A recurrent missense variant in ITPR3 causes demyelinating Charcot-Marie-Tooth with variable severity

Abstract

Charcot-Marie-Tooth (CMT) disease is a neuromuscular disorder affecting the peripheral nervous system. The diagnostic yield in demyelinating CMT (CMT1) is typically ∼80%-95%, of which at least 60% is due to the PMP22 gene duplication. The remainder of CMT1 is more genetically heterogeneous. We used whole exome and whole genome sequencing data included in the GENESIS database to investigate novel causal genes and mutations in a cohort of ∼2670 individuals with CMT neuropathy. A recurrent heterozygous missense variant p.Thr1424Met in the recently described CMT gene ITPR3, encoding IP3R3 (inositol 1,4,5-trisphosphate receptor 3), was identified. This previously reported p.Thr1424Met change was present in 33 affected individuals from nine unrelated families from multiple populations, representing an unusual recurrence rate at a mutational hotspot, strengthening the gene-disease relationship (gnomAD v4 allele frequency 1.76 × 10-6). Sanger sequencing confirmed the co-segregation of the CMT phenotype with the presence of the mutation in autosomal dominant and de novo inheritance patterns, including a four-generation family with multiple affected second-degree cousins. Probands from all families presented with slow nerve conduction velocities, matching the diagnostic category of CMT1. Remarkably, we observed a uniquely variable clinical phenotype for age at onset and phenotype severity in p.Thr1424Met carrying patients, even within families. Finally, we present data supportive of a dominant-negative effect of the p.Thr1424Met mutation with associated changes in protein expression in patient-derived cells.
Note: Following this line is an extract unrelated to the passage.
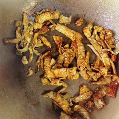 1、鸡蛋打散炒熟备用; 将热锅凉油放入肉片翻炒至变色,加入酱油、蒜末翻炒香味;

Keywords: demyelinating Charcot-Marie-Tooth disease; inositol 1,4,5-trisphosphate; next-generation sequencing.

Figure 1

Pedigrees of families carrying the p.Thr1424Met variant. Family pedigrees demonstrating dominant (Families 1–4 and 6–9) and de novo (Family 5) inheritance of the p.Thr1424Met variant in ITPR3. Carriers are shown by ‘+/−’, non-carriers by ‘−/−’. Individuals indicated with a number sign show very mild signs of neuropathy without fulfilling the clinical diagnosis of Charcot-Marie-Tooth disease, hearsay affected individuals are indicated in grey.

Figure 2

Intrafamilial variability of phenotype associated with the p.Thr1424Met ITPR3 variant. (A) Demonstrated by clinical pictures of four individuals from Family 1. (B) Plotted by Charcot-Marie-Tooth Disease Examination Score (CMTES-2) versus age (in years); higher score reflects a more severe disease. Individuals from the same family shown in the same colour, demonstrating the overall associating between increased age and disease severity (r² = 0.475, P < 0.001), meanwhile showing the extreme variability between aged-matched individuals (red box as example). Solid line = linear regression; dotted line = standard deviation.

Figure 3

Nerve biopsy and IP₃R3 expression in Schwannoma, induced pluripotent stem cell-derived neurons and p.Thr1424Met patient fibroblasts. (A) Epoxy section of a radial nerve biopsy of Individual 5:II:1 (age 21 years), showing severe loss of myelinated large axons, and most myelinated axons (red asterisks) are partially surrounded by circumferential cellular processes (‘onion bulbs’). There is prominent endoneurial collagen (C) and two clusters of regenerated axons are marked by arrowheads, two small axons with ‘redundant myelin loops’ are marked by arrows. Scale bar = 10 µm. (B) Comparative protein abundance by immunoblotting of induced pluripotent stem cell (iPSC)-derived motor neurons and rat Schwannoma cells probed for IP₃R3 and loading-control beta-tubulin. (C) Immunoblotting of patient-derived fibroblasts of two biological replicate controls and one p.Thr1424Met ITPR3 mutation carrier (Patient 1) (two technical replicates each) probed IP₃R3 protein, normalized to GAPDH expression, showing reduced IP₃R3. Relative expression differences were determined across three replicate blots from separate lysates by one-way ANOVA. ns = not significant. *P < 0.05, ***P < 0.001.

Figure 4

p.Thr1424Met mutation in human IP₃R3 augments the channel activity under non-optimal ligand conditions. (A) Representative traces (2 s long) of continuous single-channel recordings at V_m = −30 mV, for wild-type and p.Thr1424Met h-IP₃R3 channels. Ligand conditions ([IP₃] and free [Ca²⁺]_free) indicated. Arrows indicate the channel closed state. (B) Open probability (P_o) values for the wild-type and p.Thr1424Met mutant channels in various ligand conditions (indicated on abscissa).